Jan. 25, 2023
Benefit Updates Based on New Illinois Laws
Applies to Individual & Family, all groups
Blue Cross and Blue Shield of Illinois (BCBSIL) is updating some benefits due to new laws in Illinois. We’re also evaluating others that go into effect for plan years 2024 and beyond. Learn what’s changing and which laws are still under review.
Mandate with updated guidance
House Bill 3709: Infertility Coverage
- As we previously communicated, this bill from the 2021 Legislative Session clarified the definition of infertility. As part of that definition, the bill allowed insurance coverage to exclude payments made to a surrogate. The Illinois Department of Insurance has since amended the language to clarify that using a surrogate doesn’t mean a member can’t have infertility treatment coverage.

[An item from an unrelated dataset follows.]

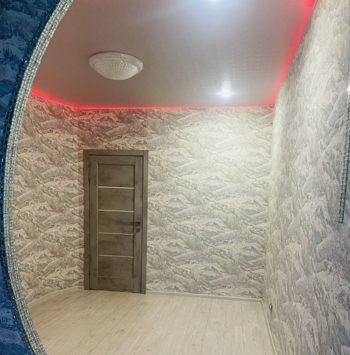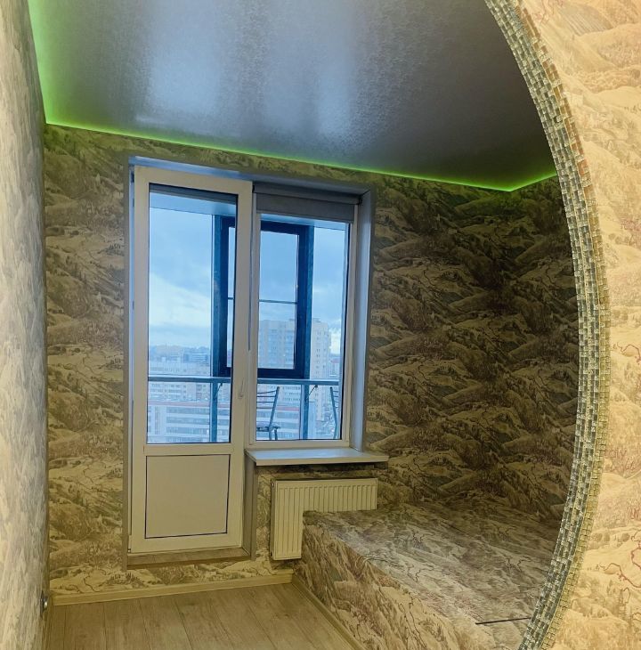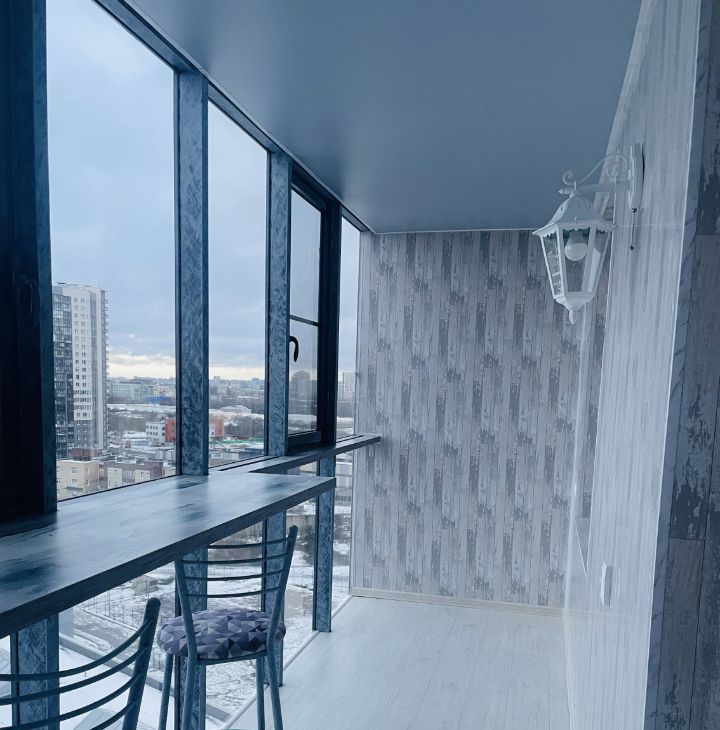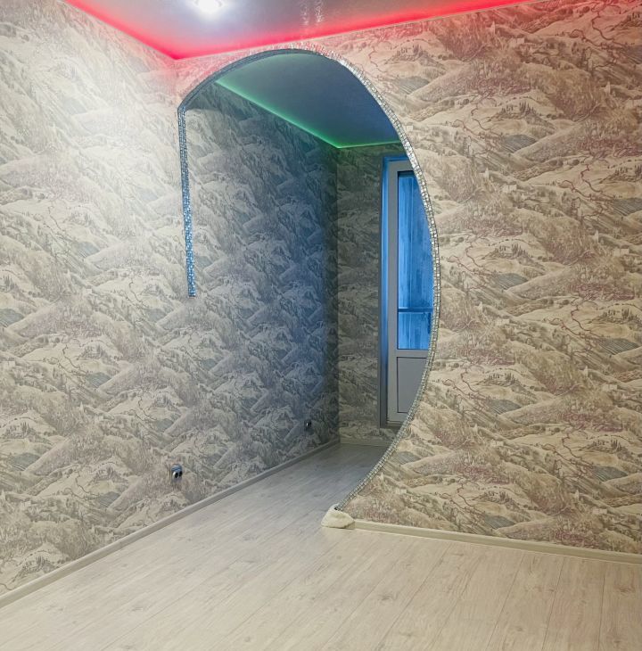 авторский ремонт с эксклюзивными акцентами: венецианский фонарь на лоджии, ручки Swarovski на дверях, неоновая подсветка арки;

- Specifically, infertility benefits that would apply to the member should also apply to a surrogate.
- Payments or other services made to a surrogate after an embryo transfer can still be excluded, but services that would be covered for a member up to the point of transfer should be covered.
- Market segments impacted:
- Fully insured group, including small group, mid-market, large and national accounts
- Fully insured and ASO State Employees Plan
- Blue Balance FundedSM
- Grandfathered/transitional
- Effective date: Jan. 1, 2022
- What’s the impact?
- The current infertility benefit of four occyte retrievals per year (per covered member) should be covered if the services are provided to a surrogate, just as they would be if the services were provided to the member.
- Expenses associated with retrieval/transfer including physical exam, lab screening and prescription drugs are also covered.
- Once infertility services are completed and the surrogate is discharged from infertility specialist care to OB/GYN care, no further coverage of services for the surrogate are required.
- We’re updating our benefit booklets to reflect updated language.
Mandates with 2022/2023 effective dates
House Bill 2595: Accepted Standards of Behavioral Health Care
Requires BCBSIL to create training for employees on mental, emotional, nervous or substance use disorder (behavioral health or BH) medical necessity criteria. The bill also requires us to make the educational materials available to members and providers.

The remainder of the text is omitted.